◆ **DIRECTIONS FOR THIS TASK**:
Give back exactly the lines starting at the one with "Детская ковбойская Кепка" and ending at the last line of the data below. Pictures are not part of the copy.

◆ **DATA SEGMENT**:
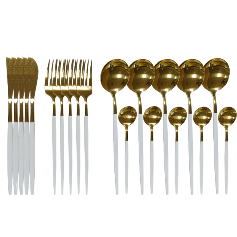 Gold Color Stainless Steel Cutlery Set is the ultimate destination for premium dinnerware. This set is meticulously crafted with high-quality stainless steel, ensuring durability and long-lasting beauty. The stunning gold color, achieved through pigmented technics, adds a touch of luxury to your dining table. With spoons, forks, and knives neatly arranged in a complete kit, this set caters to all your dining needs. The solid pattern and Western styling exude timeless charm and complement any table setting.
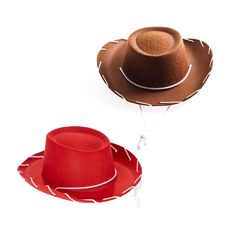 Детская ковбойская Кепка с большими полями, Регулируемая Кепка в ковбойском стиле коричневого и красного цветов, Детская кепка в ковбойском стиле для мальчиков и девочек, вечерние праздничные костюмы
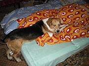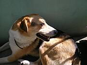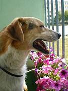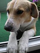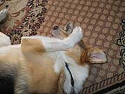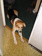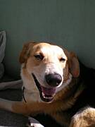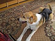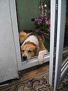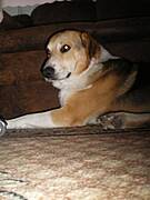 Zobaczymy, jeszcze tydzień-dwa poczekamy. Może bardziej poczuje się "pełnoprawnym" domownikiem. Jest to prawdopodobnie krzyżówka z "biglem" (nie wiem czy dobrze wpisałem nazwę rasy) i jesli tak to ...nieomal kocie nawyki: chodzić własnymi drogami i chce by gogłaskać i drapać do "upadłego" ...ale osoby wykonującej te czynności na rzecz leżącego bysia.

◆ **ANSWER SPACE**:
 Детская ковбойская Кепка с большими полями, Регулируемая Кепка в ковбойском стиле коричневого и красного цветов, Детская кепка в ковбойском стиле для мальчиков и девочек, вечерние праздничные костюмы
 Zobaczymy, jeszcze tydzień-dwa poczekamy. Może bardziej poczuje się "pełnoprawnym" domownikiem. Jest to prawdopodobnie krzyżówka z "biglem" (nie wiem czy dobrze wpisałem nazwę rasy) i jesli tak to ...nieomal kocie nawyki: chodzić własnymi drogami i chce by gogłaskać i drapać do "upadłego" ...ale osoby wykonującej te czynności na rzecz leżącego bysia.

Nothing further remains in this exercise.